Algorithms/Softwares meant for finding chimeras in 16S sequences work by comparing the ends of the 16S sequences to reference database. Query sequences, whose ends match two different 16S reference sequences are flagged as potential chimeras.
My question is as follows. In case, the query sequence (whether chimeric or not chimeric) orignates from an entirely new species/phylum (as in metagenomics), its ends will obviously not show any sort of alignment with existing reference 16s sequences.
In that case, how do existing chimera programs identify whether the query sequence is a chimera ? Are exising programs validated for this scenario ?

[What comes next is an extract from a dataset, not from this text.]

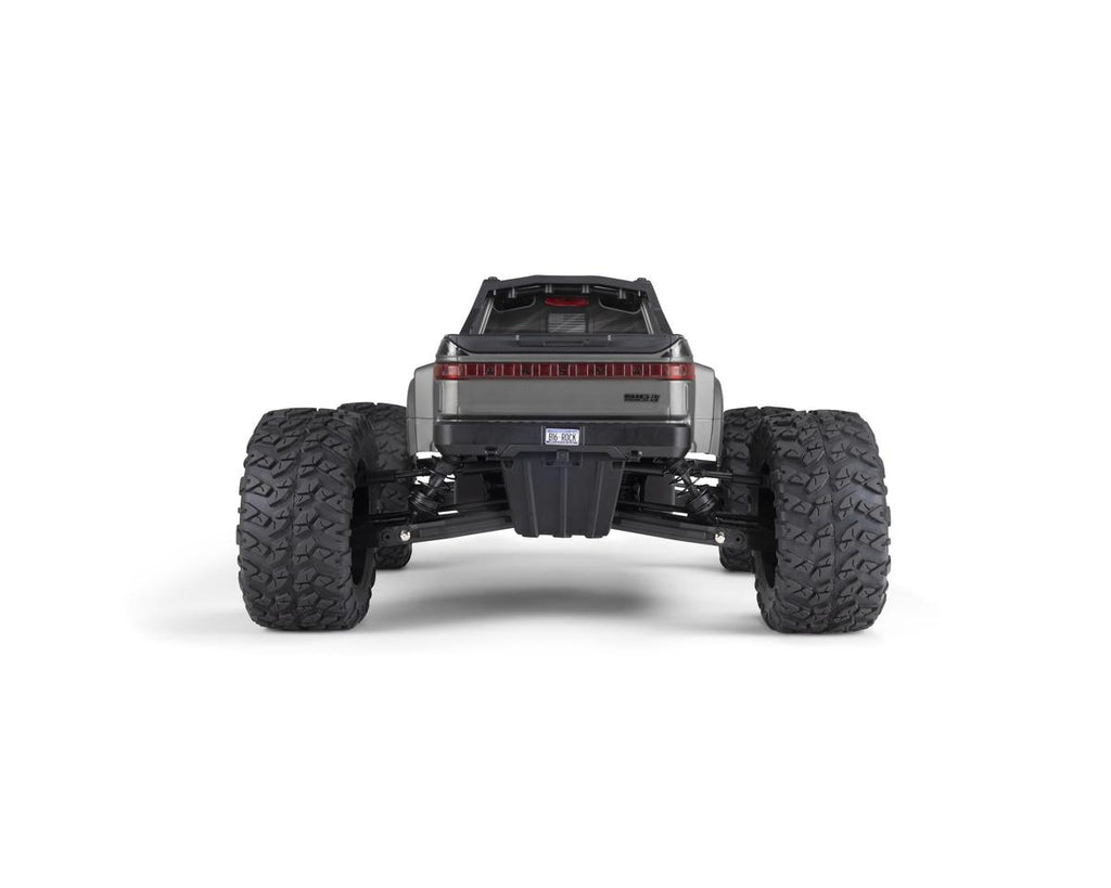 Built on the proven 6S BLX platform and supersized to 1/7 scale, the ready-to-run Big Rock 6S BLX 4x4 blasts like only a large-scale Arrma RC monster truck can, especially when amped up with Spektrum brushless power and topped with an eye-catching crew cab body. Featuring loads of realistic scale details and "stealth" black-anodized aluminum parts, the Arrma Big Rock 6S BLX is big, fierce, fast, and tough.
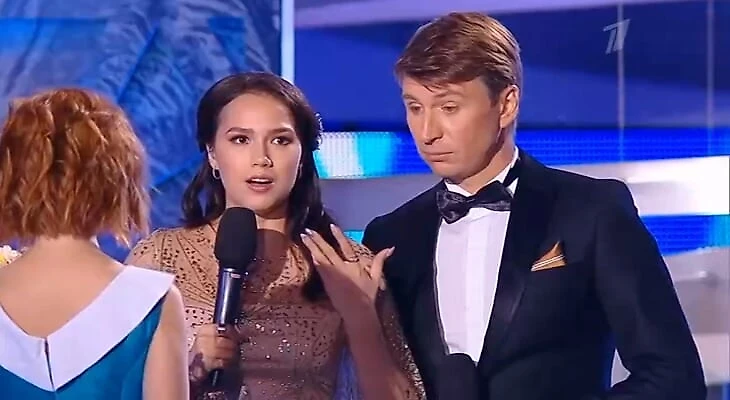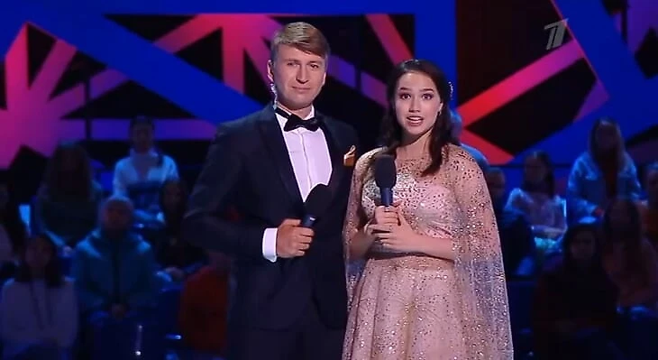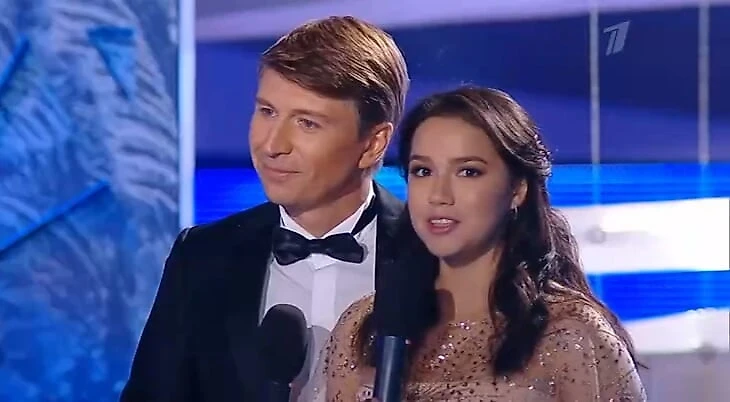 Загитова не оставалась в кадре одна: подводку они читали вместе, с судьями общался Ягудин, Алина задавала первый вопрос во флеш-интервью, а потом к ней присоединялся Алексей. Она постоянно смотрела на соведущего, а тот подсказывал ей и направлял.

If I understand correctly, the primers are based on the conserved portions of the 16S gene. In principle, there can be an 16S sequence from an entirely new organism pulled out using the conserved portion as a primer. This means that it is possible to catch completely new/dissimilar 16S gene using primers designed from conserved regions. Please correct me if I have got the concept wrong
So called, universal primers are not that universal as they were considered. So while it's possible to sequence 16S that cannot be assigned to any of the known organism, you cannot be 100% sure you pulled all 16S RNAs that were in the sample. So, from that perspective, using universal primers will might easily give you certain amount of unassignable 16S RNAs but it shouldn't be an issue for chimera detection software, as it uses information from the sample, not from taxonomy/databases.
I thought that software like chimera slayer, bellerophon etc use information of known 16S sequences. I am not aware of a software that performs a denovo detection of chimeric sequences by processing information from the sample itself. Your comments please
Indeed, CS compares reads to the database (I thought it just uses alignment to identify conserved regions and compares these regions within the sample - it didn't make sense to me to compare reads to database containing things that are not there). Nevertheless, in case of universal primers, conserved regions are preserved enough for CS to perform as expected.
Sorry if I am getting on your nerves. What if the chimera has occurred between two variable regions ?
Sorry, I've been terribly busy... I'm simply not sure what is the answer to your question. The common sense would be that as long as alignment is possible (conserved regions are really conserved - this is want I meant by referring to universal primers) CS should operate as expected, no matter where chimera starts and ends (assuming chimera of two reads). But I haven't checked if CS has some kind of threshold value for alignment.